WS: Have you seen an industry-wide shift away from movies that are the fruit of one director’s voice to moviemaking by committee in which marketing concerns outweigh the director’s voice and vision?
MEYER: Again, we’ve found that success in this business is based on the ability to tell compelling stories that audiences want to see, and the director’s voice is pivotal to this. Warner Bros. has seen distinctive, unique and incredibly successful visions from a variety of filmmakers in just the last few years: Christopher Nolan with Inception and the Batman films, Todd Phillips with The Hangover, Guy Ritchie with Sherlock Holmes, and of course the incomparable Clint Eastwood, whose body of work continues to astound. Clearly, vision and voice remain the essence of great filmmaking.
 
WS: How do you protect Warner Bros.’ assets as broadband connections improve and people become increasingly able to download movies and TV shows in seconds, not hours?

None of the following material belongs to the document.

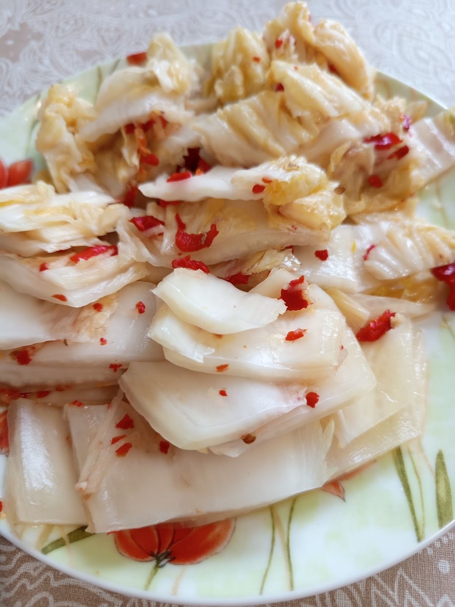 Привет, друзья! Делюсь с вами простым рецептом острой корейской закуски. Этот вкусный салат из квашеной пекинской капусты подойдет к любому застолью, особенно понравится любителям ферментированных продуктов. Пекинскую капусту обмыть, удалить верхние потемневшие листья. Разрезать вдоль на 4 части, уложить в кастрюлю и залить соленой водой из расчета 2 полные столовые ложки соли на 1 литр воды. Вода должна полностью покрыть капусту, поэтому на нее надо поставить банку с водой. Оставить при комнатной температуре на 2 дня. Спустя это время воду слить, тщательно промыть каждый лист под проточной водой, хорошо отжать. Сделать начинку из острого перца и чеснока. Есть два варианта: свежий стручковый перец и чеснок прокрутить на мясорубке или сушеный перец смешать с чесноком, натертым на терке. У меня второй вариант. Листья капусты проложить острой начинкой, сложить в банку или контейнер и залить остывшей кипяченной слегка соленой водой (1 без верха столовая ложка на 1 литр воды). Банку с капус

MEYER: Warner Bros., along with most other entertainment companies, has adapted its strategies and integrated multiple new digital delivery models that enable consumers to access content across multiple platforms and myriad devices. We seek to deliver high-quality content, a wide variety of choices and portability all at reasonable price points. 
 
WS: What has been Warner Bros.’ strategy in the fight against piracy and what inroads are being made?
MEYER: As far as piracy [goes]—let’s call it what it really is, digital theft of the entertainment community’s work. And this theft is a threat not only to every entrepreneur, from the independent filmmaker to a budding TV writer, but also to the thousands and thousands of working-class people around the world whose livelihoods depend on the entertainment business. It’s incumbent upon us all—the studios, the unions, guilds and the very people who work in all areas of creating films and TV—to aggressively protect this intellectual property with every means at our disposal. We’re talking about technical tools such as watermarking and filtering, partnering with different industries and companies to create secure distribution channels for our content, and reaching out to ISPs to enlist their help in combating digital theft.
 
WS: Will 3D technology help prevent piracy?

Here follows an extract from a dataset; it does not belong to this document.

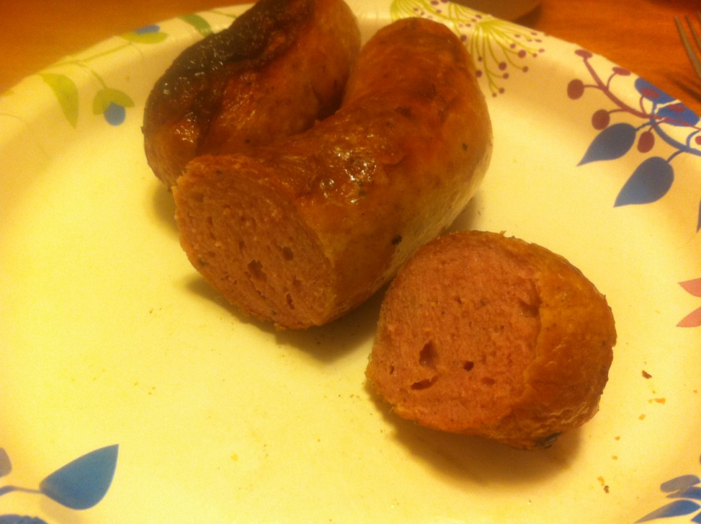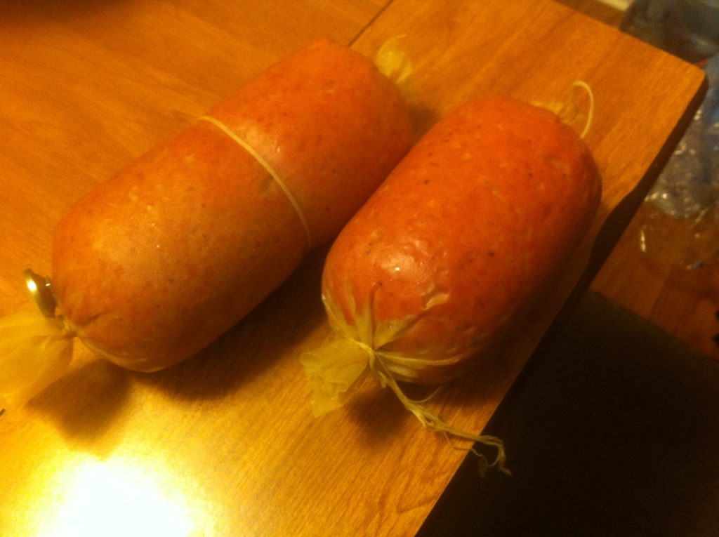 Теперь колбаса докторская. Будем резать завтра утром, покажу срез. После запекания в духовке при 155Ф в течение 3 часов, наверное, я ее охладила под проточной водой, немного в морозилке, а потом уже в холодильник перенесла.

MEYER: 3D makes digital theft more difficult as a result of the enormous file size and the need for a 3D player.
 
WS: In China how do you balance the potential for business opportunities against the dangers of piracy?

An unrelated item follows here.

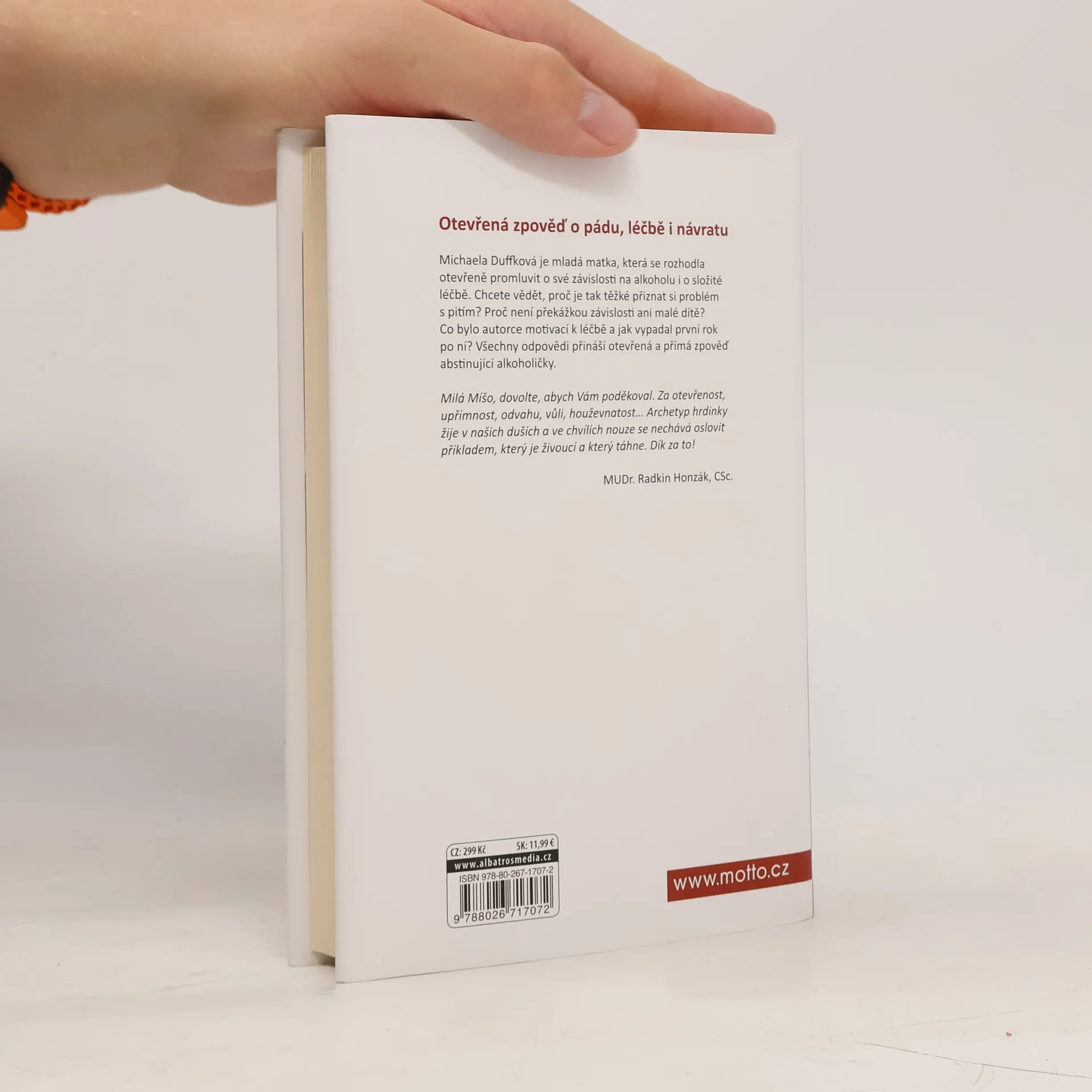 Poslední sklenička… dnes už popáté. Kniha podle blogu, který získal cenu Magnesia Litera. Michaela Duffková je mladá matka, která se rozhodla otevřeně promluvit o své závislosti na alkoholu i o složité léčbě. Chcete vědět, proč je tak těžké přiznat si problém s pitím? Proč není překážkou závislosti ani malé dítě? Co bylo autorce motivací k léčbě a jak vypadal první rok po ní? Všechny odpovědi přináší otevřená a přímá zpověď abstinující alkoholičky. Upřímně sdílená zkušenost o pádu doslova na dno vzbudila velký zájem veřejnosti, Michaela získala za svůj blog cenu Magnesia Litera a začala o závislosti veřejně přednášet. Dnes se věnuje svému vysněnému projektu – centru pro prevenci a léčbu závislosti na alkoholu. „Příběh Míši Duffkové je skvělým příspěvkem k destigmatizaci ženského alkoholismu a současně unikátní výpovědí o bolesti i naději.“ prof. PhDr. Michal Miovský, Ph.D. přednosta Kliniky adiktologie 1. LF UK a VFN

MEYER: China is making significant strides in the local motion-picture business and is positioning itself to become a major player in the field. The films their own people are funding, creating and producing—coupled with quality exhibition venues springing up all over the country—can ultimately build a vibrant film community, which would in turn create business opportunities for Warner Bros. As China becomes more economically vested in this burgeoning business, we anticipate increased enforcement of laws to combat digital theft with a decidedly positive residual effect for Warner Bros. and our industry as a whole.
 
WS: Technology keeps changing the media business and investors don’t like uncertainty; that is one of the reasons why the stock prices of media companies have not grown significantly in the past several years. What can media companies do to assure investors of the long-term prospects of growth?
MEYER: I can only speak for Warner Bros., where we have experienced consistent growth and success over a long period of time. Our film division, for example, broke industry worldwide box-office records in 2010 with over $4.8 billion, the second year in a row and sixth in the last ten we led market share. Our home-video operations once again held the top spot in domestic market share, and our best-in-class television companies produce some of the most popular and profitable series on television. We pride ourselves on that commitment to excellence and consistency.
 
WS: What challenges face the management team that will succeed you?
MEYER: The challenges facing our company are no different than those facing our peers. We’re all charged with profitably producing compelling entertainment for the global audience while keeping pace with changing consumer tastes, viewing habits and emerging technologies.